[Work to be completed]
Because the lines must stay identical, write out the data without changing anything.

Data records
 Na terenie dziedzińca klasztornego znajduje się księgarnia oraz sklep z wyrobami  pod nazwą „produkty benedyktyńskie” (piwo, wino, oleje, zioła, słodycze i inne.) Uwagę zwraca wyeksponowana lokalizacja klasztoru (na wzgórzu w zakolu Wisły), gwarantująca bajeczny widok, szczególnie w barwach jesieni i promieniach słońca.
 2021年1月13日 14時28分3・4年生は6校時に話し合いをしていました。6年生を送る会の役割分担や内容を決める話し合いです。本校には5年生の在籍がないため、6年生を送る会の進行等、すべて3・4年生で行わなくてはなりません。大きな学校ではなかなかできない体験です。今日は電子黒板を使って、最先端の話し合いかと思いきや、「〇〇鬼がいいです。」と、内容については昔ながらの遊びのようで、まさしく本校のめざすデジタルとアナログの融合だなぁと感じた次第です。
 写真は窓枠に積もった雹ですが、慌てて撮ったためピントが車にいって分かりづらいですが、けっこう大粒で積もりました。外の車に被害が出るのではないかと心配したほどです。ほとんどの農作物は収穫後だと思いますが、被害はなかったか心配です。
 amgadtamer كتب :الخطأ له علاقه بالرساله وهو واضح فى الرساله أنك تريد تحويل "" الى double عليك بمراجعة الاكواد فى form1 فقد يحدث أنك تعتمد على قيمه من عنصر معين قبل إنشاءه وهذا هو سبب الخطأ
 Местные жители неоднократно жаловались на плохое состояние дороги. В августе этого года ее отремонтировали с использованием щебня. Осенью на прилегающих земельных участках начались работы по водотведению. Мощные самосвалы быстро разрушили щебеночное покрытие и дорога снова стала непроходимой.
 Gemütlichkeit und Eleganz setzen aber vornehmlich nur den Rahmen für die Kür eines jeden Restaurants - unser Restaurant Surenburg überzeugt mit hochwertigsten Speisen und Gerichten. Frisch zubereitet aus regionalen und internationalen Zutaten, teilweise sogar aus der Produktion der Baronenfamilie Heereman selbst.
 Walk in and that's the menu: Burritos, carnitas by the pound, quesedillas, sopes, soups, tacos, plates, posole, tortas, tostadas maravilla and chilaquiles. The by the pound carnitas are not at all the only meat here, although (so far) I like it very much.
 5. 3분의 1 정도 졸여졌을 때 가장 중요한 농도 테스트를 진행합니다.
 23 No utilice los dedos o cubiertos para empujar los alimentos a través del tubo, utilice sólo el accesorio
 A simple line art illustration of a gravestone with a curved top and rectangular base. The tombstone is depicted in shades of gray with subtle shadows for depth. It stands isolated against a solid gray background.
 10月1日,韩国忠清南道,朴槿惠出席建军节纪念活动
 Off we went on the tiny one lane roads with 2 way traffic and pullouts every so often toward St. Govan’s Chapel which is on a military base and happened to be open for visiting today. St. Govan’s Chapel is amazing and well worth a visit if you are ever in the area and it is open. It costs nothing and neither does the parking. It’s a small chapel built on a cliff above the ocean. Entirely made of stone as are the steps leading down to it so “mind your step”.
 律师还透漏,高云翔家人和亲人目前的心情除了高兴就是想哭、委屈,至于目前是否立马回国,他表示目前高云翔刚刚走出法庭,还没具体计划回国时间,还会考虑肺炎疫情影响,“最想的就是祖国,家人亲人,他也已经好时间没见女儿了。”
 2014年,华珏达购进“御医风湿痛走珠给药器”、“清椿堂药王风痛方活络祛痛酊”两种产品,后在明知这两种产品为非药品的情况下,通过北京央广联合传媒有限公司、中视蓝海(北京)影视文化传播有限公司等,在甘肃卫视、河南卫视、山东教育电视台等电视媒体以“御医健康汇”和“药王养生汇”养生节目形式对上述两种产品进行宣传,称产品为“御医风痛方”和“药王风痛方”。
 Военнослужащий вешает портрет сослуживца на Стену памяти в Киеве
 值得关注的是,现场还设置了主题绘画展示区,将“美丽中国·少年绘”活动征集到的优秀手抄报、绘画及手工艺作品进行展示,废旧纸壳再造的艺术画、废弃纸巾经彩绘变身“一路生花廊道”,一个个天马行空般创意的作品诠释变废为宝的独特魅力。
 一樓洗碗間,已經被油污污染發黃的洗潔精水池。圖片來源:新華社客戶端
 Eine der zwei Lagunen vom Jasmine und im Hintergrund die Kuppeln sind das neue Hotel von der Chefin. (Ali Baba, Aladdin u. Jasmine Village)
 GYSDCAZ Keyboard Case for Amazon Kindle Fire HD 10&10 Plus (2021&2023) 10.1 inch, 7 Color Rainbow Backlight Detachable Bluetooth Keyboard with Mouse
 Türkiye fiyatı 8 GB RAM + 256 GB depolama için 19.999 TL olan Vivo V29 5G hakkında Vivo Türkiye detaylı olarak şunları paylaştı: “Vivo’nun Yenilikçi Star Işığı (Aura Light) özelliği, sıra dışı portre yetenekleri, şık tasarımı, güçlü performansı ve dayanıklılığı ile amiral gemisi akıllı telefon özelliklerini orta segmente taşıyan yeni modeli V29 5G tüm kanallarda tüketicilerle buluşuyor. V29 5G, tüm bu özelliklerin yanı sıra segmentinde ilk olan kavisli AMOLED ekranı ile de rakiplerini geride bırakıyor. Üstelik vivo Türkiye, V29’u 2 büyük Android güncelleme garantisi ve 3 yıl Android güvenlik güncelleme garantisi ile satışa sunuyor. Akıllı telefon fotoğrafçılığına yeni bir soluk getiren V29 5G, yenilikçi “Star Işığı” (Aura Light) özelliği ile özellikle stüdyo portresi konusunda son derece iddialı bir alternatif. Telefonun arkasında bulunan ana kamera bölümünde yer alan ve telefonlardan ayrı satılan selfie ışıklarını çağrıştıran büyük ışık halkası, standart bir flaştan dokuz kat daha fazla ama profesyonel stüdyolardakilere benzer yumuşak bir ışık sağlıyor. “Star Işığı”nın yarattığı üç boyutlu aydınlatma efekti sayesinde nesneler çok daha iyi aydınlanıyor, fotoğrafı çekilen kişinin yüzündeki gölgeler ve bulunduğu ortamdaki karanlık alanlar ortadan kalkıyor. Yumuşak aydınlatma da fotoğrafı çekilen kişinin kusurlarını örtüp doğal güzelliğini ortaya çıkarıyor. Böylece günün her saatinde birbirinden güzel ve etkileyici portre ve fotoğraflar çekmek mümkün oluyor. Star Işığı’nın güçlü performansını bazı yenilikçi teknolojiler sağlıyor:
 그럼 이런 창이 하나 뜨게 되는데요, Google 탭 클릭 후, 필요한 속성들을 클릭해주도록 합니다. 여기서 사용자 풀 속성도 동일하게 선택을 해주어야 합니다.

[Expected answer]
 Na terenie dziedzińca klasztornego znajduje się księgarnia oraz sklep z wyrobami  pod nazwą „produkty benedyktyńskie” (piwo, wino, oleje, zioła, słodycze i inne.) Uwagę zwraca wyeksponowana lokalizacja klasztoru (na wzgórzu w zakolu Wisły), gwarantująca bajeczny widok, szczególnie w barwach jesieni i promieniach słońca.
 2021年1月13日 14時28分3・4年生は6校時に話し合いをしていました。6年生を送る会の役割分担や内容を決める話し合いです。本校には5年生の在籍がないため、6年生を送る会の進行等、すべて3・4年生で行わなくてはなりません。大きな学校ではなかなかできない体験です。今日は電子黒板を使って、最先端の話し合いかと思いきや、「〇〇鬼がいいです。」と、内容については昔ながらの遊びのようで、まさしく本校のめざすデジタルとアナログの融合だなぁと感じた次第です。
 写真は窓枠に積もった雹ですが、慌てて撮ったためピントが車にいって分かりづらいですが、けっこう大粒で積もりました。外の車に被害が出るのではないかと心配したほどです。ほとんどの農作物は収穫後だと思いますが、被害はなかったか心配です。
 amgadtamer كتب :الخطأ له علاقه بالرساله وهو واضح فى الرساله أنك تريد تحويل "" الى double عليك بمراجعة الاكواد فى form1 فقد يحدث أنك تعتمد على قيمه من عنصر معين قبل إنشاءه وهذا هو سبب الخطأ
 Местные жители неоднократно жаловались на плохое состояние дороги. В августе этого года ее отремонтировали с использованием щебня. Осенью на прилегающих земельных участках начались работы по водотведению. Мощные самосвалы быстро разрушили щебеночное покрытие и дорога снова стала непроходимой.
 Gemütlichkeit und Eleganz setzen aber vornehmlich nur den Rahmen für die Kür eines jeden Restaurants - unser Restaurant Surenburg überzeugt mit hochwertigsten Speisen und Gerichten. Frisch zubereitet aus regionalen und internationalen Zutaten, teilweise sogar aus der Produktion der Baronenfamilie Heereman selbst.
 Walk in and that's the menu: Burritos, carnitas by the pound, quesedillas, sopes, soups, tacos, plates, posole, tortas, tostadas maravilla and chilaquiles. The by the pound carnitas are not at all the only meat here, although (so far) I like it very much.
 5. 3분의 1 정도 졸여졌을 때 가장 중요한 농도 테스트를 진행합니다.
 23 No utilice los dedos o cubiertos para empujar los alimentos a través del tubo, utilice sólo el accesorio
 A simple line art illustration of a gravestone with a curved top and rectangular base. The tombstone is depicted in shades of gray with subtle shadows for depth. It stands isolated against a solid gray background.
 10月1日,韩国忠清南道,朴槿惠出席建军节纪念活动
 Off we went on the tiny one lane roads with 2 way traffic and pullouts every so often toward St. Govan’s Chapel which is on a military base and happened to be open for visiting today. St. Govan’s Chapel is amazing and well worth a visit if you are ever in the area and it is open. It costs nothing and neither does the parking. It’s a small chapel built on a cliff above the ocean. Entirely made of stone as are the steps leading down to it so “mind your step”.
 律师还透漏,高云翔家人和亲人目前的心情除了高兴就是想哭、委屈,至于目前是否立马回国,他表示目前高云翔刚刚走出法庭,还没具体计划回国时间,还会考虑肺炎疫情影响,“最想的就是祖国,家人亲人,他也已经好时间没见女儿了。”
 2014年,华珏达购进“御医风湿痛走珠给药器”、“清椿堂药王风痛方活络祛痛酊”两种产品,后在明知这两种产品为非药品的情况下,通过北京央广联合传媒有限公司、中视蓝海(北京)影视文化传播有限公司等,在甘肃卫视、河南卫视、山东教育电视台等电视媒体以“御医健康汇”和“药王养生汇”养生节目形式对上述两种产品进行宣传,称产品为“御医风痛方”和“药王风痛方”。
 Военнослужащий вешает портрет сослуживца на Стену памяти в Киеве
 值得关注的是,现场还设置了主题绘画展示区,将“美丽中国·少年绘”活动征集到的优秀手抄报、绘画及手工艺作品进行展示,废旧纸壳再造的艺术画、废弃纸巾经彩绘变身“一路生花廊道”,一个个天马行空般创意的作品诠释变废为宝的独特魅力。
 一樓洗碗間,已經被油污污染發黃的洗潔精水池。圖片來源:新華社客戶端
 Eine der zwei Lagunen vom Jasmine und im Hintergrund die Kuppeln sind das neue Hotel von der Chefin. (Ali Baba, Aladdin u. Jasmine Village)
 GYSDCAZ Keyboard Case for Amazon Kindle Fire HD 10&10 Plus (2021&2023) 10.1 inch, 7 Color Rainbow Backlight Detachable Bluetooth Keyboard with Mouse
 Türkiye fiyatı 8 GB RAM + 256 GB depolama için 19.999 TL olan Vivo V29 5G hakkında Vivo Türkiye detaylı olarak şunları paylaştı: “Vivo’nun Yenilikçi Star Işığı (Aura Light) özelliği, sıra dışı portre yetenekleri, şık tasarımı, güçlü performansı ve dayanıklılığı ile amiral gemisi akıllı telefon özelliklerini orta segmente taşıyan yeni modeli V29 5G tüm kanallarda tüketicilerle buluşuyor. V29 5G, tüm bu özelliklerin yanı sıra segmentinde ilk olan kavisli AMOLED ekranı ile de rakiplerini geride bırakıyor. Üstelik vivo Türkiye, V29’u 2 büyük Android güncelleme garantisi ve 3 yıl Android güvenlik güncelleme garantisi ile satışa sunuyor. Akıllı telefon fotoğrafçılığına yeni bir soluk getiren V29 5G, yenilikçi “Star Işığı” (Aura Light) özelliği ile özellikle stüdyo portresi konusunda son derece iddialı bir alternatif. Telefonun arkasında bulunan ana kamera bölümünde yer alan ve telefonlardan ayrı satılan selfie ışıklarını çağrıştıran büyük ışık halkası, standart bir flaştan dokuz kat daha fazla ama profesyonel stüdyolardakilere benzer yumuşak bir ışık sağlıyor. “Star Işığı”nın yarattığı üç boyutlu aydınlatma efekti sayesinde nesneler çok daha iyi aydınlanıyor, fotoğrafı çekilen kişinin yüzündeki gölgeler ve bulunduğu ortamdaki karanlık alanlar ortadan kalkıyor. Yumuşak aydınlatma da fotoğrafı çekilen kişinin kusurlarını örtüp doğal güzelliğini ortaya çıkarıyor. Böylece günün her saatinde birbirinden güzel ve etkileyici portre ve fotoğraflar çekmek mümkün oluyor. Star Işığı’nın güçlü performansını bazı yenilikçi teknolojiler sağlıyor:
 그럼 이런 창이 하나 뜨게 되는데요, Google 탭 클릭 후, 필요한 속성들을 클릭해주도록 합니다. 여기서 사용자 풀 속성도 동일하게 선택을 해주어야 합니다.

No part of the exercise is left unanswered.